One would hope your weakest point would still have some amount of strength, and thus there would be no harm in using it to introduce the topic.  Especially since then you can build off of it, snowballing your point.  This is just the way I was taught to write nonfiction.  I'm sure you could do it some other way.
'Weakest', however, doesn't mean that your point sucks.  If you've got an argument like that, it probably shouldn't be in the book in the first place.


----------



## TakeWalker (Dec 30, 2008)

kitreshawn said:


> Actually what I have learned is completely different.
> 
> Your strongest point should be the last one.  This is the last thing a person will hear and thus will be the clearest in their mind.
> 
> ...



I think the difference here comes with audience. If you're talking about, say, presenting at a debate, wherein all participants are going to allow you the full time to present your arguments, this is no doubt the best way to go about it.

However, if you're attempting to get people to read a novel of argumentative prose, starting off with a weak argument will no doubt end up the way Scotty predicted. You have to start off a work of fiction with a bang to keep a reader's attention; likewise, you need to start off argumentative nonfiction with a 'bang', as it were, with a strong argument, so the reader -- who is entirely removed from the author and thus able to put the book down at any point -- will be more likely to continue reading after scanning the opening.

Just a thought.


----------



## kitreshawn (Dec 31, 2008)

TakeWalker said:


> I think the difference here comes with audience. If you're talking about, say, presenting at a debate, wherein all participants are going to allow you the full time to present your arguments, this is no doubt the best way to go about it.
> 
> However, if you're attempting to get people to read a novel of argumentative prose, starting off with a weak argument will no doubt end up the way Scotty predicted. You have to start off a work of fiction with a bang to keep a reader's attention; likewise, you need to start off argumentative nonfiction with a 'bang', as it were, with a strong argument, so the reader -- who is entirely removed from the author and thus able to put the book down at any point -- will be more likely to continue reading after scanning the opening.
> 
> Just a thought.



Actually the plan I have laid out has actually been proven to be most effective with several studies.  Best, regardless of audience or presentation medium is:

2nd Strongest Point Given First.
Strongest Point Given Last.
All other points in the middle.

Also, are you sure you read my post?  I clearly say you do not lead off with weakness.  You lead off with strength, but not your strongest strength.  Lets you start out with that bang you are talking about (it is your 2nd best point after all!) but the best is still to come.  Thus your first impression is strong, your last impression is even stronger, and those are the two things people remember most clearly.

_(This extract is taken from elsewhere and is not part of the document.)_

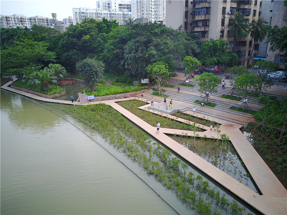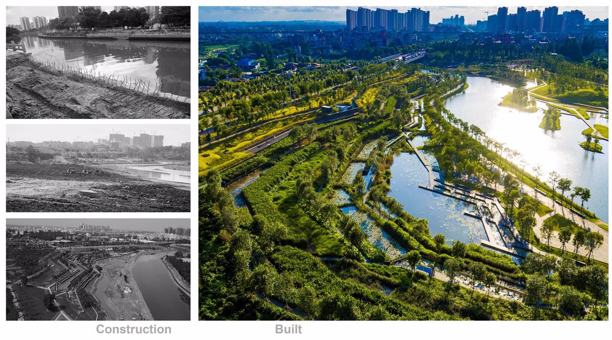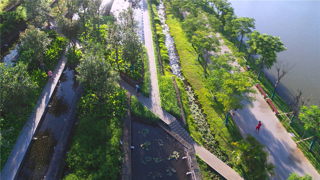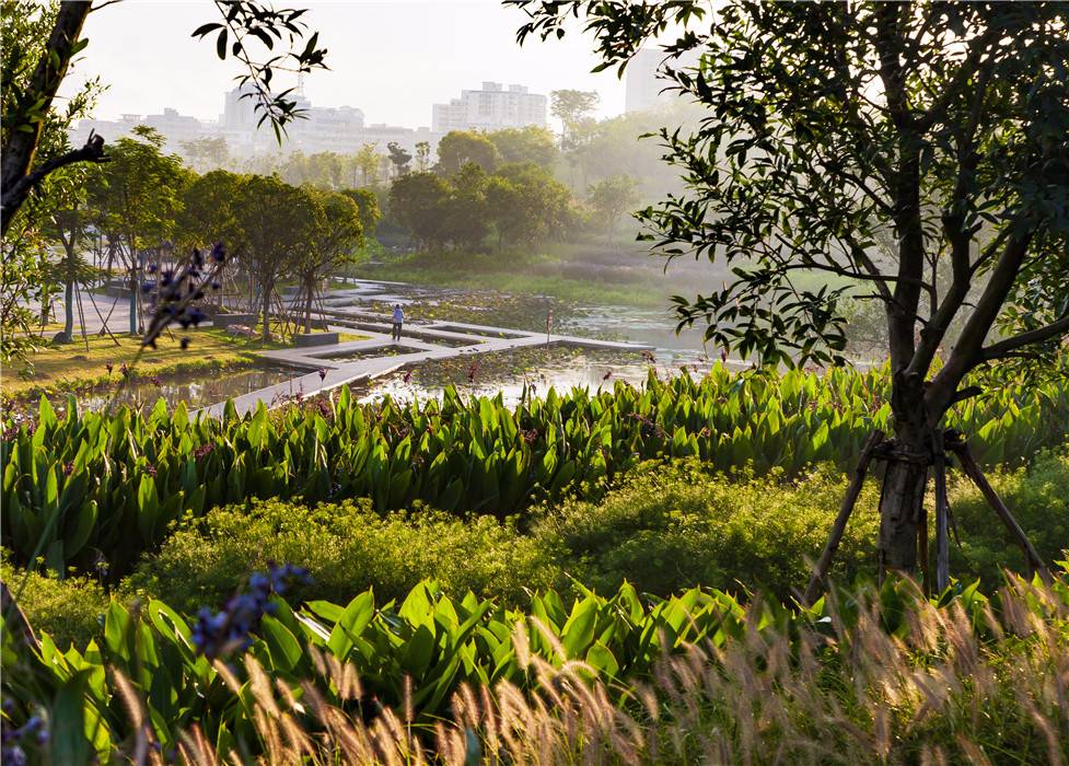 通過這些景觀設(shè)計(jì)策略,原先持續(xù)惡化的河道和親水性極差的城市邊緣地帶,已成功改造成一個(gè)集雨水凈化、生境營造、滿足市民休閑功能于一體的海綿公園 。

In fact this creates an illusion where people (in the general sense here) end up assuming the whole piece is amazing because it started out good and ended even better, and your mind tricks you into believing that is because the buildup was great too.


----------



## mottled.kitten (Dec 31, 2008)

I've found that the hardest thing to do when writing a book that will probably piss some people off is to write it so that you won't piss people off. This is important--be real, be honest, and be professional. I'm writing a nonfiction currently about working in retail, and how customers and employees should act to have a better, cleaner day at work (or the supermarket)... and I tell you, sometimes I just get frustrated... and start talking about beating someone else's kid with a log of deli meat.


----------



## TakeWalker (Dec 31, 2008)

kitreshawn said:


> 2nd Strongest Point Given First.
> Strongest Point Given Last.
> All other points in the middle.
> 
> Also, are you sure you read my post?  I clearly say you do not lead off with weakness.



Okay, that makes far more sense.

And... maybe I didn't. o.o I know _someone_ suggested leading with the weakest point, which makes absolutely no sense whatsoever. I think something has been taken out of context.


----------



## M. LeRenard (Jan 1, 2009)

> 2nd Strongest Point Given First.
> Strongest Point Given Last.
> All other points in the middle.


This one makes the most sense, I think.  I don't why my English teacher taught me otherwise, and why I believed him.
I rescind my previous statement.


----------



## kitreshawn (Jan 2, 2009)

Just remembered some more stuff.

A useful technique is to present potential counter-arguments to your claims and to do so honestly, then proceed forward to rationally explain why the counter-arguments are wrong, inconsequential, or admit where they are correct but provide reasons why that should be overlooked (yes bad thing X could happen, but that is still better than Y going on now).

You should also possibly look up some common Fallacies:
http://www.nobeliefs.com/fallacies.htm

Finally tone is importaint.  If the book is going to be marketed to people who likely already have your view than you should take a more hostile and extreme voice (Listen to Rush Limbaugh or Air America [is it still around too?], for good examples).  In this case your book is mostly just to validate their views so you can be as much of an ass as you want.

For pretty much any other audience it is better to take a more mild tone.  The more you are trying to convince people with opposing views the more helpful it is to present potential reasons they may not like what you are saying and then deal with said issues, all in as calm and rational a way possible.  Oh, and you will probably still piss some people off so don't worry about that too much.


----------